Holy crap, almost 98% of the time spent on close() calls of which 8388550/8390674 = 99.97% return an error??

paulm@int3 14:13 /dev/shm$ time strace -o /dev/shm/out.fork -f -tt python -m easybuild.main
== temporary log file in case of crash /tmp/paulm/eb-GIde92/easybuild-ti2Xi6.log
...
real    3m51.837s
user    1m15.295s
sys 3m13.255s

# There's masses of close() calls to an incrementing file descriptor, 
# all the way up to 2^20!
17778 14:15:56.310182 clone(child_stack=0, flags=CLONE_CHILD_CLEARTID|CLONE_CHILD_SETTID|SIGCHLD, child_tidptr=0x2b0e8cd35190) = 17783
17783 14:15:56.310727 set_robust_list(0x2b0e8cd351a0, 24) = 0
17778 14:15:56.310788 close(11)         = 0
17778 14:15:56.310854 brk(NULL)         = 0xeb7000
17778 14:15:56.310881 brk(0xfac000)     = 0xfac000
17778 14:15:56.310915 read(10,  <unfinished ...>
17783 14:15:56.311415 close(6)          = 0
17783 14:15:56.311515 close(8)          = 0
17783 14:15:56.311620 close(10)         = 0
17783 14:15:56.311718 dup2(7, 1)        = 1
17783 14:15:56.311804 dup2(9, 2)        = 2
17783 14:15:56.311953 close(7)          = 0
17783 14:15:56.312050 close(9)          = 0
17783 14:15:56.312177 chdir("/dev/shm") = 0
17783 14:15:56.312334 close(3)          = 0
17783 14:15:56.312417 close(4)          = 0
17783 14:15:56.312453 close(5)          = 0
17783 14:15:56.312488 close(6)          = -1 EBADF (Bad file descriptor)
17783 14:15:56.312525 close(7)          = -1 EBADF (Bad file descriptor)
17783 14:15:56.312566 close(8)          = -1 EBADF (Bad file descriptor)
17783 14:15:56.312658 close(9)          = -1 EBADF (Bad file descriptor)
17783 14:15:56.312730 close(10)         = -1 EBADF (Bad file descriptor)
17783 14:15:56.312770 close(12)         = 0
17783 14:15:56.312806 close(13)         = -1 EBADF (Bad file descriptor)
17783 14:15:56.312842 close(14)         = -1 EBADF (Bad file descriptor)
17783 14:15:56.312878 close(15)         = -1 EBADF (Bad file descriptor)
17783 14:15:56.312914 close(16)         = -1 EBADF (Bad file descriptor)
...
17783 14:16:24.665785 close(1048571)    = -1 EBADF (Bad file descriptor)
17783 14:16:24.665811 close(1048572)    = -1 EBADF (Bad file descriptor)
17783 14:16:24.665837 close(1048573)    = -1 EBADF (Bad file descriptor)
17783 14:16:24.665863 close(1048574)    = -1 EBADF (Bad file descriptor)
17783 14:16:24.665890 close(1048575)    = -1 EBADF (Bad file descriptor)

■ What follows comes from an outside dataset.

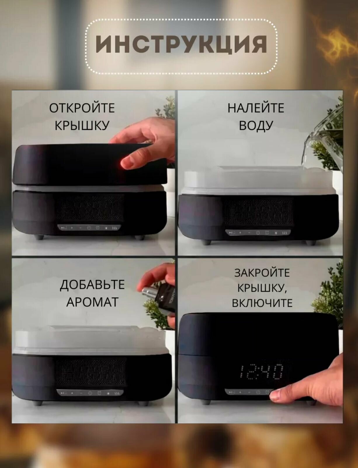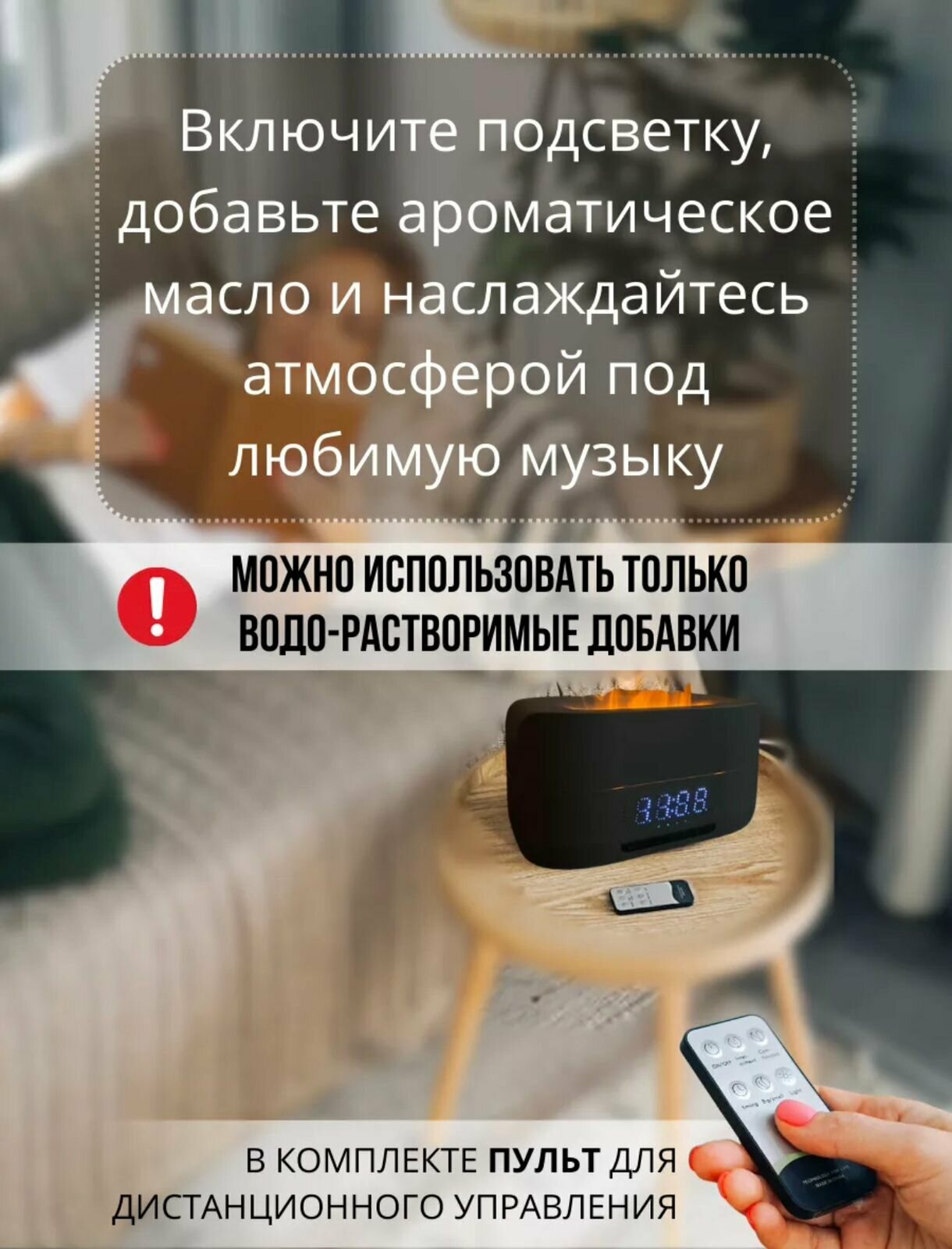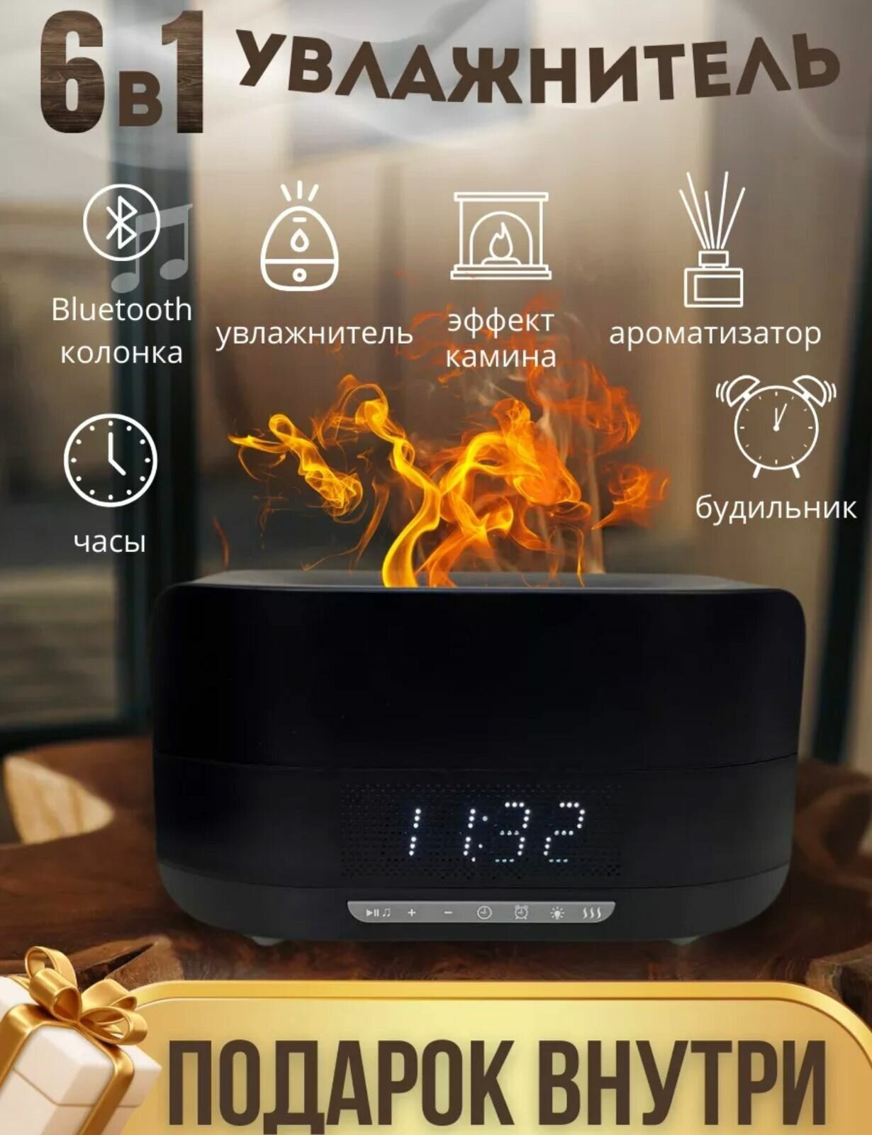 Увлажнитель воздуха с эффектом пламени с функцией ароматизации, часы и встроенная блютуз колонка/Аромадиффузор для эфирных масел интересное:

# Yikes, why would these calls ever be made? 
paulm@int3 14:24 /dev/shm$ grep EBADF out.fork |wc -l
8388556

# Seems this whole circus is happening multiple times during an eb run
paulm@int3 14:25 /dev/shm$ grep "close(1048575)" out.fork 
17783 14:16:24.665890 close(1048575)    = -1 EBADF (Bad file descriptor)
17957 14:16:52.828486 close(1048575)    = -1 EBADF (Bad file descriptor)
17983 14:17:21.205566 close(1048575)    = -1 EBADF (Bad file descriptor)
18007 14:17:49.652933 close(1048575)    = -1 EBADF (Bad file descriptor)
18037 14:18:19.853487 close(1048575)    = -1 EBADF (Bad file descriptor)
18272 14:18:48.468929 close(1048575)    = -1 EBADF (Bad file descriptor)
18310 14:19:17.670173 close(1048575)    = -1 EBADF (Bad file descriptor)
18345 14:19:46.179046 close(1048575)    = -1 EBADF (Bad file descriptor)

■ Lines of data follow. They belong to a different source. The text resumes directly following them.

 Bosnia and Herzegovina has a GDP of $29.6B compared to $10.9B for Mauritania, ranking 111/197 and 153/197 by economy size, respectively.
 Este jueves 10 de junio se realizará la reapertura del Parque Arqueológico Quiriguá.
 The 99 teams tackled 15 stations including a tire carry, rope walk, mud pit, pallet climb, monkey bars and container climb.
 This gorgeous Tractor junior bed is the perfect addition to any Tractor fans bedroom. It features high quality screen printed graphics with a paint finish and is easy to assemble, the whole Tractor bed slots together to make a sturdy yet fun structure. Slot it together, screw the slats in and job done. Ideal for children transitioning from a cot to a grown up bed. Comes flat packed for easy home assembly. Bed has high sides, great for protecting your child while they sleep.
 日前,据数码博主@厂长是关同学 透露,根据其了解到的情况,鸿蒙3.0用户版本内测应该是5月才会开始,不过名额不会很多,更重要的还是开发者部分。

Apparently, this isn't completely weird and the appears to be a common way to close all inherited file descriptors in a child process. See e.g. here and here. The latter issue has an interesting comment about a piece of Python code using os.closerange(). Does EB use that call (or reference RLIMIT_NOFILE)?

paulm@int3 14:30 /dev/shm$ find /hpc/eb/RedHatEnterpriseServer7/EasyBuild/3.9.0/ -name \*.py | xargs -iX grep -sH closerange X
paulm@int3 14:30 /dev/shm$ 
paulm@int3 14:31 /dev/shm$ find /hpc/eb/RedHatEnterpriseServer7/EasyBuild/3.9.0/ -name \*.py | xargs -iX grep -sH RLIMIT_NOFILE X
paulm@int3 14:31 /dev/shm$ 

Apparently not. So where's the close() calls coming from?

Took some trial and error to get both strace output and Python trace output to the same stream, as using -m trace -m easybuild.main doesn't work.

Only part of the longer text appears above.